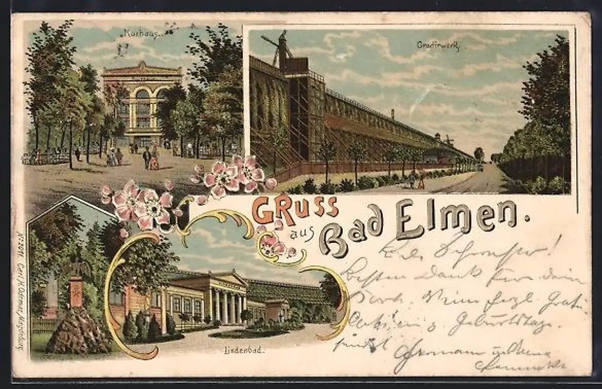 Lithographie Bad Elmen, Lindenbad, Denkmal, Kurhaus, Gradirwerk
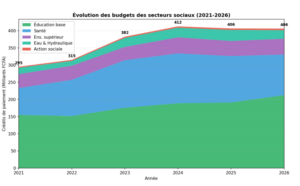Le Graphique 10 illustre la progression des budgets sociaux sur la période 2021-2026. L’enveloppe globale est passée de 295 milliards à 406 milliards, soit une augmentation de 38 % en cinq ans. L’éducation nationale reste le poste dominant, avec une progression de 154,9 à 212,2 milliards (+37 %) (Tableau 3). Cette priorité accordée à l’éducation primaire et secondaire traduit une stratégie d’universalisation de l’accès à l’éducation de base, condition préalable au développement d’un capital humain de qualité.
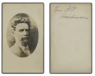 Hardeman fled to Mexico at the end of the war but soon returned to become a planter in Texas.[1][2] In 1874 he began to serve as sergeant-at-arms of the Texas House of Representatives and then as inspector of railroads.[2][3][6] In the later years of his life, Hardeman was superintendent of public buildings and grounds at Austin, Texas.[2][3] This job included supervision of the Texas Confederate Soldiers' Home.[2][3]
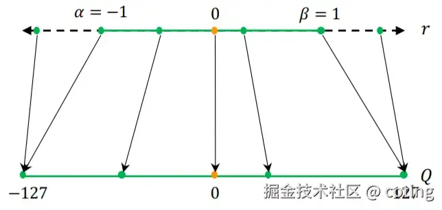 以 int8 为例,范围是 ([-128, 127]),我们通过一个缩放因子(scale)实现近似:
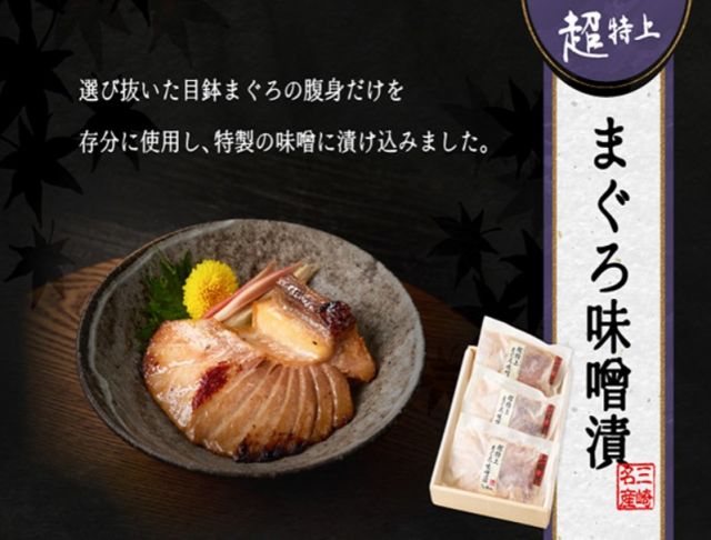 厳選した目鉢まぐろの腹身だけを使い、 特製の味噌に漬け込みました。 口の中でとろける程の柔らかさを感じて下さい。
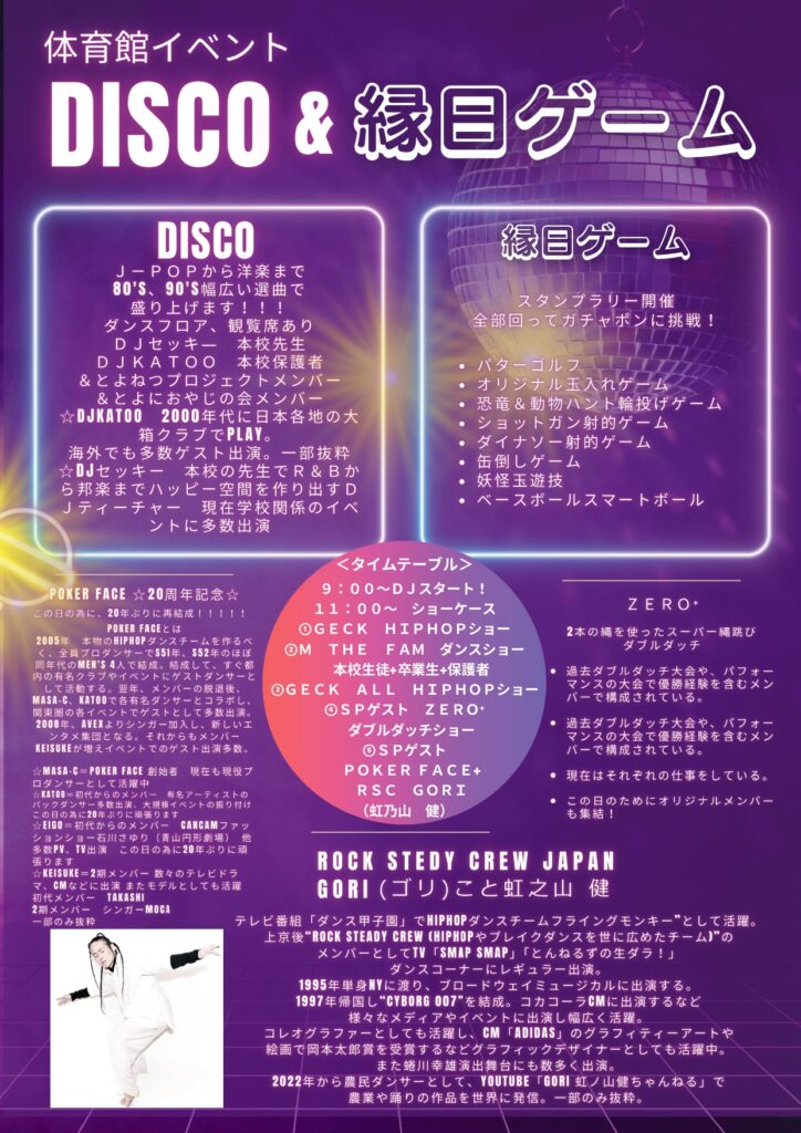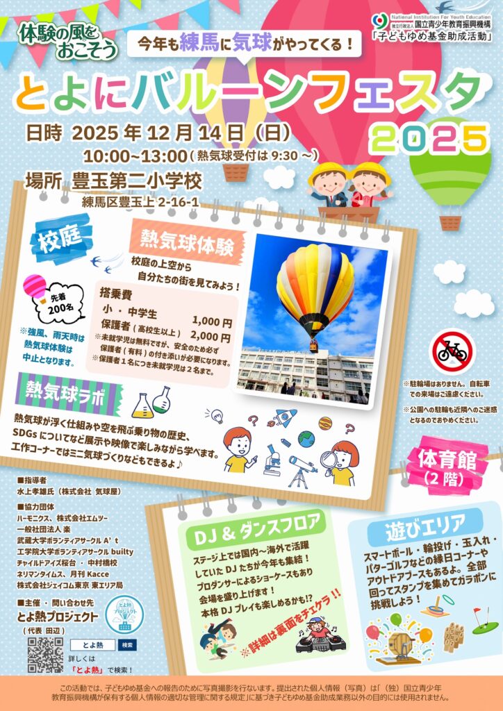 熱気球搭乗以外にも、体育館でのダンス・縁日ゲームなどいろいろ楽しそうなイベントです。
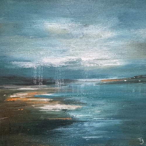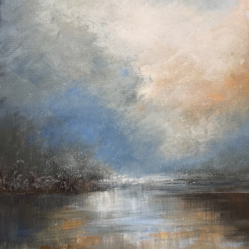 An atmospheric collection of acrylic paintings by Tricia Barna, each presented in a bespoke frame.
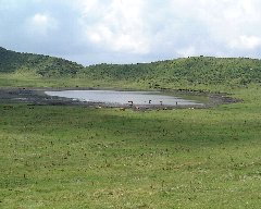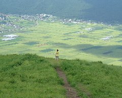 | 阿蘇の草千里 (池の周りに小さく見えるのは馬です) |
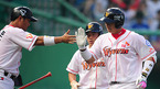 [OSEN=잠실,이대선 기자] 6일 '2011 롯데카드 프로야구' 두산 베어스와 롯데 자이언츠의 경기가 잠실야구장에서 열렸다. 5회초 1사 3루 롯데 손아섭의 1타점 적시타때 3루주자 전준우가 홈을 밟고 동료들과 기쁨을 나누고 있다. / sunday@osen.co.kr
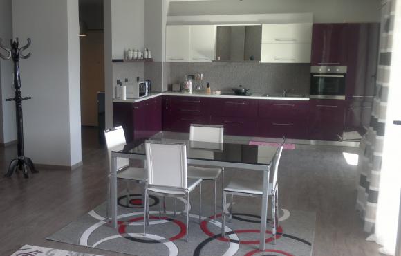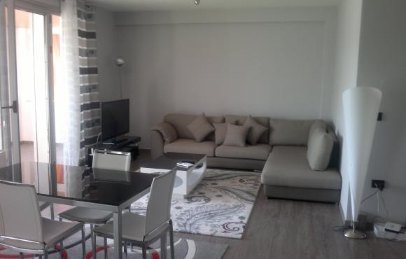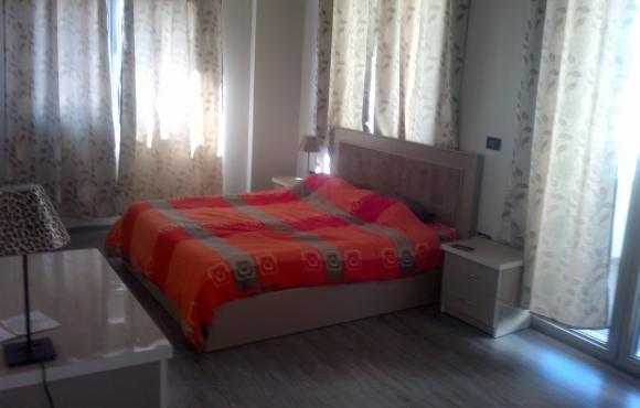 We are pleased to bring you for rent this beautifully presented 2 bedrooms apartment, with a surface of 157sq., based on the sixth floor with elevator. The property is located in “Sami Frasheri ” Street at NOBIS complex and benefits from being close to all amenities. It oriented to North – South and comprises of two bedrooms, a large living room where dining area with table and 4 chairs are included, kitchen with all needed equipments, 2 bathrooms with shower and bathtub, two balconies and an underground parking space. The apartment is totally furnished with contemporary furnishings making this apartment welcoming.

────────────────────

- _Work to complete_
Only one stretch of the entries above is needed: the lines from the one containing "熱気球搭乗以外にも、体育館で" through the one containing "[OSEN=잠실,이대선 기자] 6일". Copy it exactly, without the pictures.

- _Expected answer_
 熱気球搭乗以外にも、体育館でのダンス・縁日ゲームなどいろいろ楽しそうなイベントです。
 An atmospheric collection of acrylic paintings by Tricia Barna, each presented in a bespoke frame.
 | 阿蘇の草千里 (池の周りに小さく見えるのは馬です) |
 [OSEN=잠실,이대선 기자] 6일 '2011 롯데카드 프로야구' 두산 베어스와 롯데 자이언츠의 경기가 잠실야구장에서 열렸다. 5회초 1사 3루 롯데 손아섭의 1타점 적시타때 3루주자 전준우가 홈을 밟고 동료들과 기쁨을 나누고 있다. / sunday@osen.co.kr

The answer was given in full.